# Help, ASAP!



## Lrobbins (Feb 6, 2014)

I just got a plant today for my betta bowl. They guy told me it was a low light plant although he could not tell me the name. I love the way it looks, so I got it, but after having it for 6 hours it has begun to wilt. What is the name of this plant and what advice on caring for it would you suggest?


----------



## Zapins (Jul 28, 2004)

Looks like Hygrophila corymbosa. It also looks severely iron deficient. 

The wilting is likely due to low humidity in your room.


----------



## Lrobbins (Feb 6, 2014)

Thanks. Will it be possible for my Hygrophila corymbosa to thrive in a betta bowl? The plant is able to receive indirect sunlight and there is also an energy saving light about 4ft above my plant.
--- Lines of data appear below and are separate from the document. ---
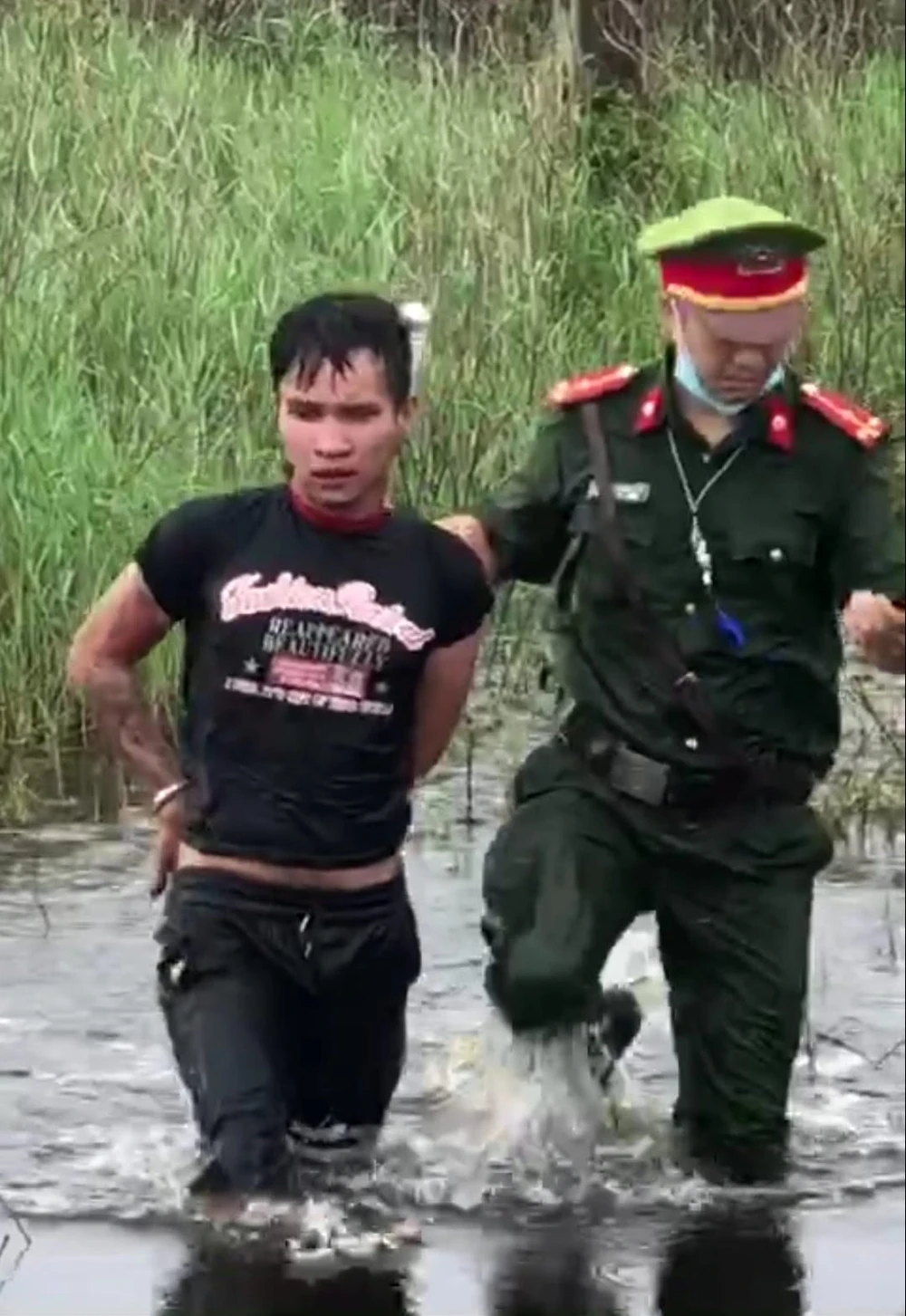 Phát hiện có lực lượng công an theo dõi, kẻ trộm đứng dậy bỏ chạy ra khu vực rừng keo, hòng trốn thoát. Ngay lập tức, tổ công tác đã truy đuổi.
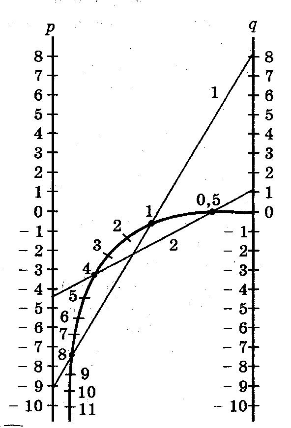 Бұл квадрат теңдеуді шешудің бұрынғы және көне ұмыт болған әдісі.83 (см. Брадис В.М. Четырехзначные математические таблицы. - М., Просвещение, 1990).Брадис таблицасында z2+pz+q=0 теңдеуін шешуге арналған номограмманы қарастырайық. Бұл номограмма квадрат теңдеудідің түбірлерін анықтауға мүмкіндік береді. Номограмманың қисық сызықты шкаласы төменгі формулалар бойынша тұрғызылған (11 сурет):
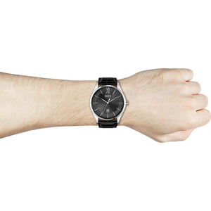 The Hugo Boss men's watch 1513794 is a true classic. The dial shows: Date, minute, second, hour. The high quality calfskin strap ensures a high level of wearing comfort. The waterproofness of 3 atm, ensures a good suitability for everyday use. One scratch-resistant hardened, mineral glass protects your new purchase from unintentional damage Housing diameter: 42mm. The colours of your new 1513794: Dial: black, strap: black, case: silver. A watch for men who love special things from Hugo Boss.
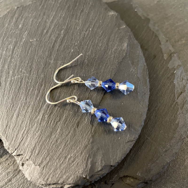 Sterling silver and Swarovski crystal earrings - blue. Approx drop length (including earwires) 4cms. Supplied in a white organza bag.
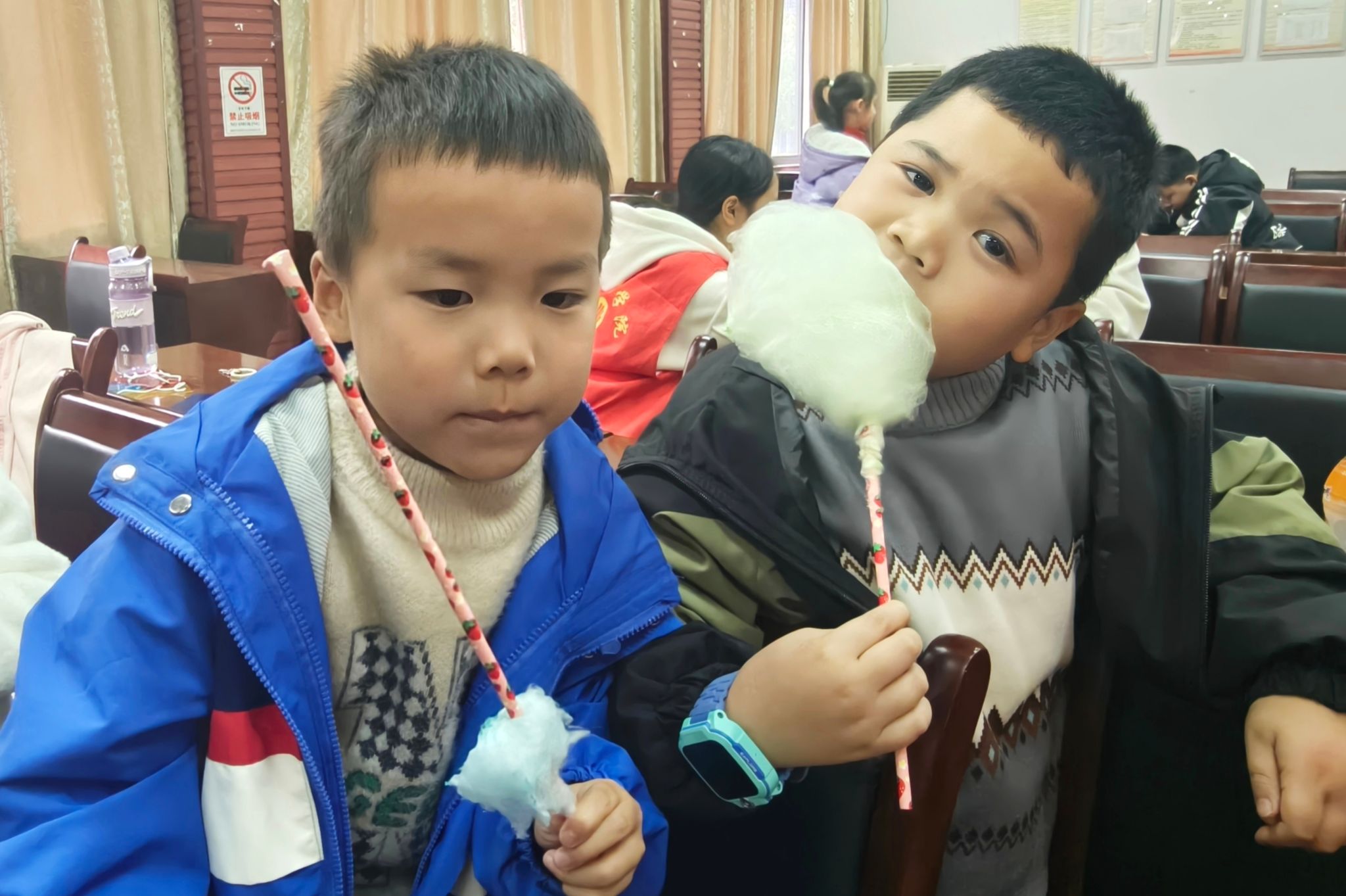 小朋友们一起品尝着亲手做的棉花糖
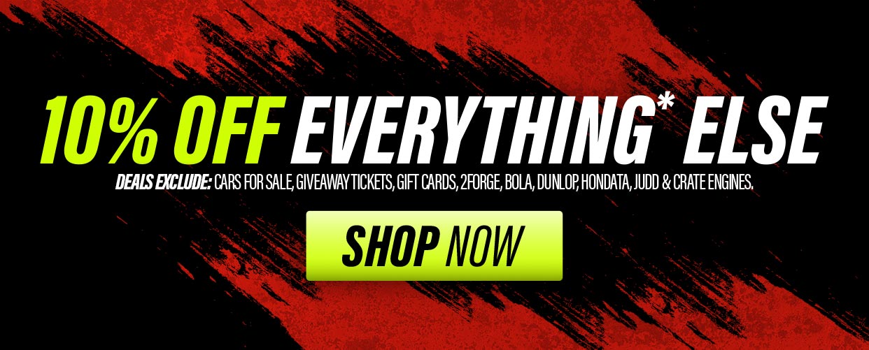 15% OFF: Apex, BG Racing, CANchecked, Cobra, Comp Clutch, Coolerworx, Forge, Haltech, Hardrace, Innovative, HKS, Infinity Design, Konig, MFactory, SuperPro, Takata, Tegiwa, Tein, Turbosmart, WedsSport, Yokohama A052 (In Stock Only).
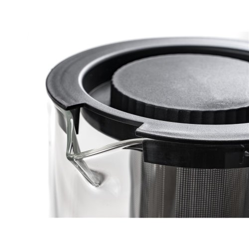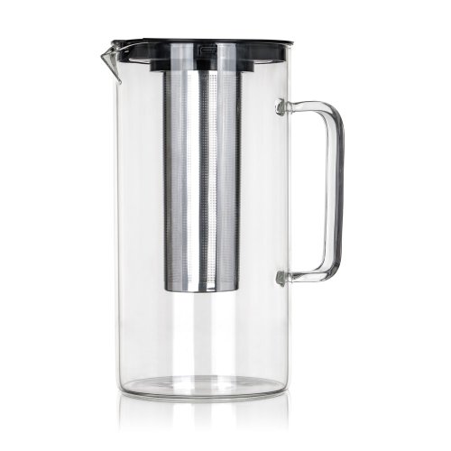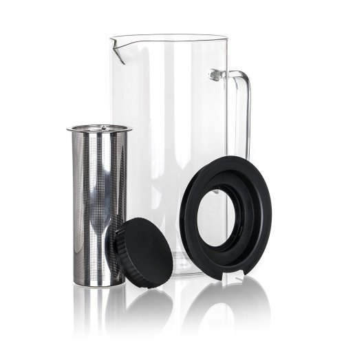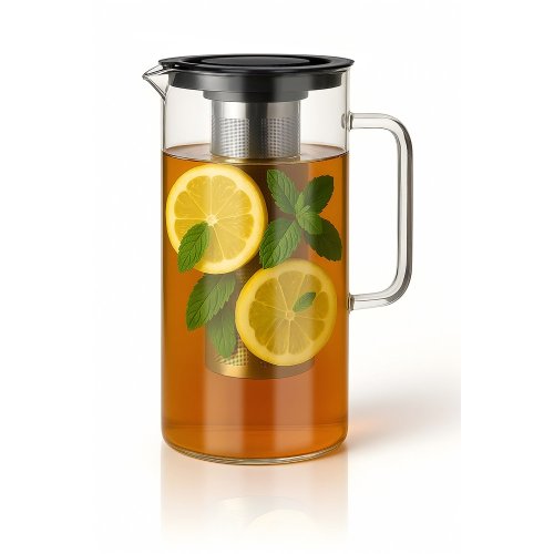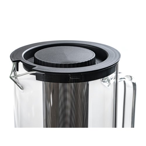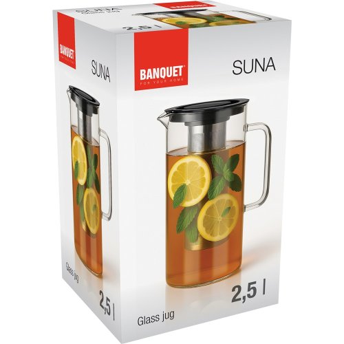 Sklenený džbán 2,5 ls plastovým viečkom a nerezovým sitkom je vhodný na podávanie studených aj teplých nápojov. Naplnením sitka vytvoríte ovocné, zeleninové či bylinkové malinovky alebo sypaný a bylinkový čaj. Toto sitko je možné vybrať.
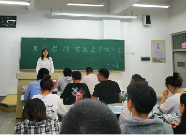 2021年9月11日下午2:30,理学院研究生会在彭家坪校区观成楼101教室召开了理学院第五届研究生会总结大会。会议由第五届研会主席姜美杨主持,全体成员参加了此次会议。
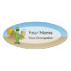 Cartoon von lächelnden Kakteen mit Sonnenbrillen in der Wüstenlandschaft, die eine Bierkaktus halten und Daumen geben. Benutzerdefinierte Textfelder für Namen und Beruf.
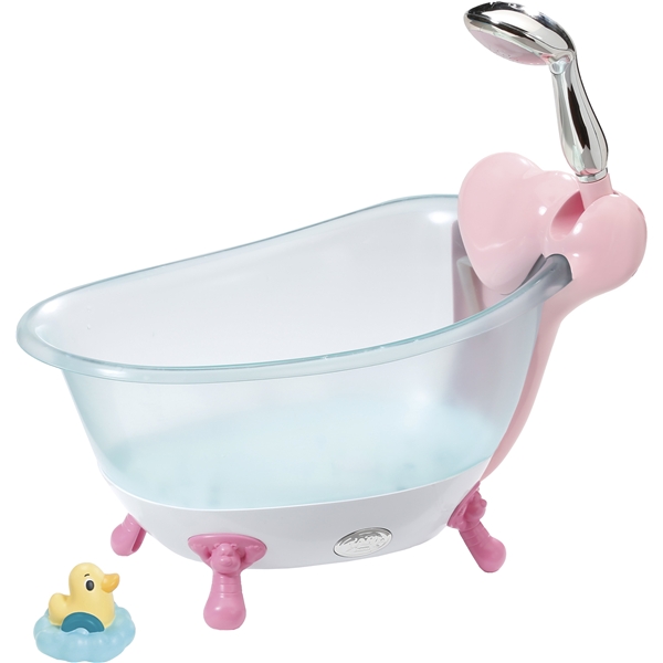 Barn elsker å leke med vann og bade dukkene sine. Baby Born badekaret har to pumper.. Fra den ene kommer vann, og fra den andre en herlig såpeskum. Badekaret har beslysning i bunnen, som gir et herlig skinn når badekaret er fullt med skum. Badekaret har dessuten lysfunksjoner slik at Baby Born dukkene har det så bra at de nesten ikke vil opp fra badet. Inkluderer batterier.
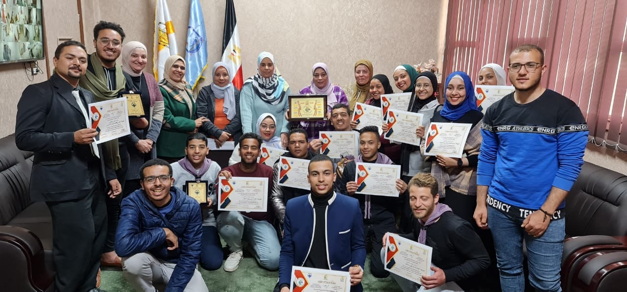 حيث قام السيد الاستاذ الدكتور/ شحاتة غريب شلقامى نائب رئيس الجامعة لشئون التعليم والطلاب بتكريم العشيرة وتسليمها الدرع وشهادات تقدير وقد حصل الطالب/ حازم على عبد العظيم على القائد المثالي على مستوى الكليات كما استقبلت الأستاذ الدكتور/ سماح محمد عبدالله عميد الكلية الطلاب الفائزين أيضا بمكتب سيادتها وقامت بتكريمهم ومنحهم جوائز مالية لدعمهم وتشجيعهم
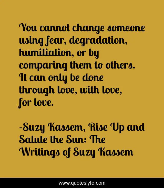 This page presents the quote "You cannot change someone using fear, degradation, humiliation, or by comparing them to others. It can only be done through love, with love, for love.". Author of this quote is Suzy Kassem, Rise Up and Salute the Sun: The Writings of Suzy Kassem. This quote is about comparison, love, humiliation, degradation, degrading, teaching, fear, education, hate,.
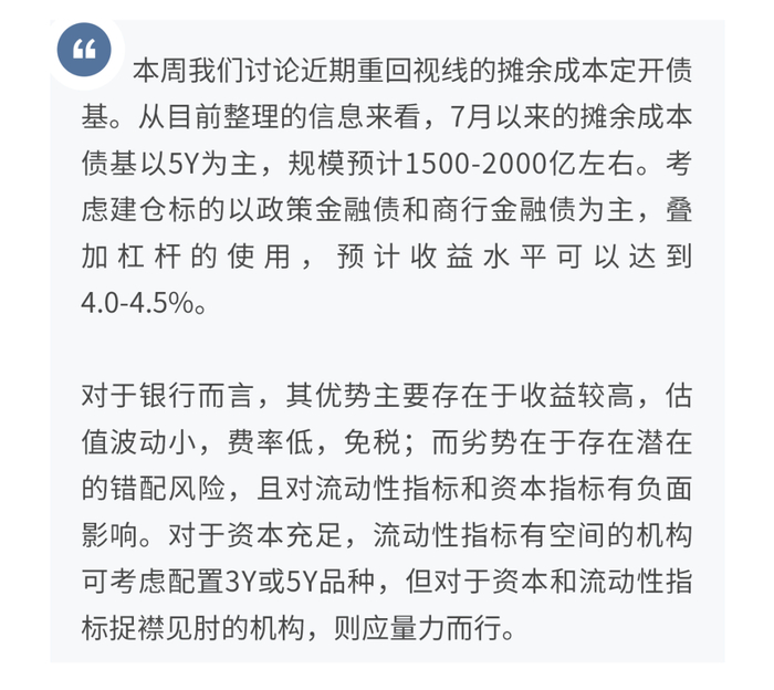 【今日推荐】银行资产配置观察第20期:摊余成本定开基金投资策略
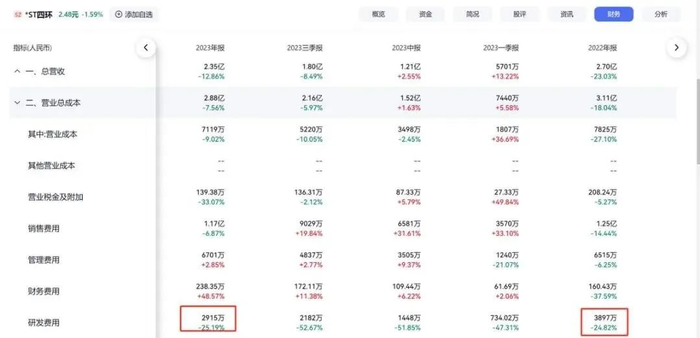 技术研发严重“偏科”。对于一家药企来说研发是命根子。四环生物在研发资金方面十分吝惜。数据显示2022年其研发投入占比仅为14.42%,到了2023年占比仅为12.40%。
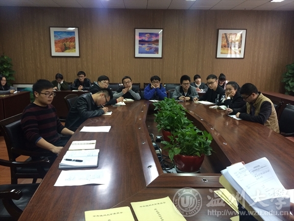2016-2017学年第一学期研究生党建工作会议在11B—204召开。学院党总支副书记潘从义、学生科辅导员蔡玲飞、各学生党支部书记及支部委员参加了会议。
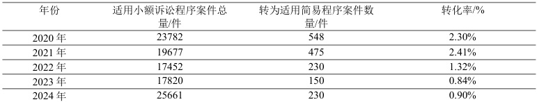 尽管小额诉讼程序向简易程序的转化率有所降低,表明小额诉讼程序的适用更为准确、规范,但程序转化标准不明晰的问题依旧未能得到彻底解决。在中国裁判文书网所公布的那些涉及程序转化的裁判文书中,很少有对程序转化的具体原因进行明确且详细的说明,多数情况下,转化原因仅简单表述为“因案情复杂,依法适用简易程序”。这样模糊的表述使得程序转化的标准仍然存在较大的模糊空间,不仅不利于当事人理解程序转换的依据,也可能影响司法程序的透明度和公信力,这一问题仍有待在后续的司法实践和制度完善中加以解决。
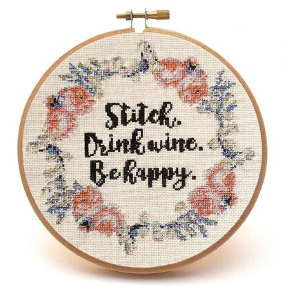 Have you ever wondered what your motto in life should be? Here's one to consider! Stitch, drink wine, and be happy are inscribed in this pretty cross stitch pattern in flowing calligraphy, reminding you to focus on the important things in life. The lovely wreath of roses features stylish colours such as rich oranges, pinks, and lovely antique blues. The pattern includes a full colour pattern and thread sorter. Model stitched on 14 count Fiddler's Cloth (Oatmeal Aida). Floss colours needed are (one skein of each): DMC Stranded Cotton - 931, 3072, ECRU, 317, 3033, 778, 3046, 792, 922, 310, 3778, 644, and 760.
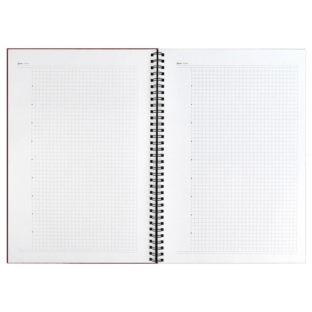 Ежедневник с интегральным переплетом, гибкой обложкой и обстрочкой по периметру на открытой пружине.
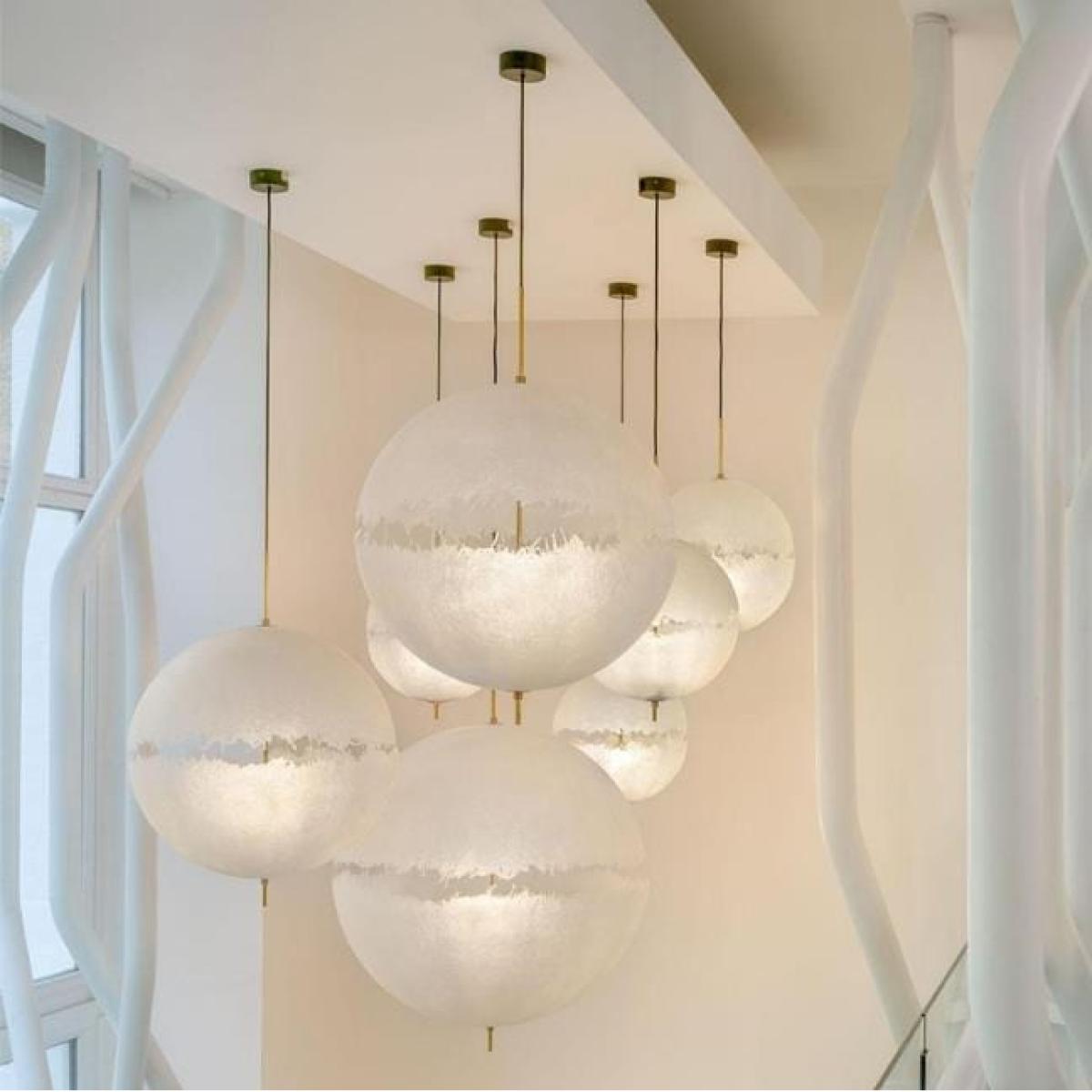 Our Moon Ceiling Light is a large pendant light that transmits a feeling of simplicity, lightness and a touch of magic in a contemporary style. Its round ball shape and furry-look material make it look like a real miniature little moon. Delicate and elegant, this ball pendant light will light up your living room, dining room or even a bedroom. Self-assembly required. This fitting has an intricate design and should be assembled by someone that is very famililar with lighting components and self-assembly furniture. This oversized pendant is sure to be a standout feature. W70cm D70cm H70cm 3 Colour White Ball Ceiling Light Tough Fibreglass & Resin Body & Gold Hardware

I also have a small heater in there and added some liquid CO2. There is no water movement or air pump in the bowl...will this be a problem?


----------



## Michael (Jul 20, 2010)

My suggestion for a set-up like yours is the common "philodendron", golden pothos, _Epipremnum aureum_. This is a common house plant that will grow indefinitely with roots in water, stems and leaves in the air. If you know someone who has it, just ask for a cutting or two and put them right in your bowl.


----------



## Lrobbins (Feb 6, 2014)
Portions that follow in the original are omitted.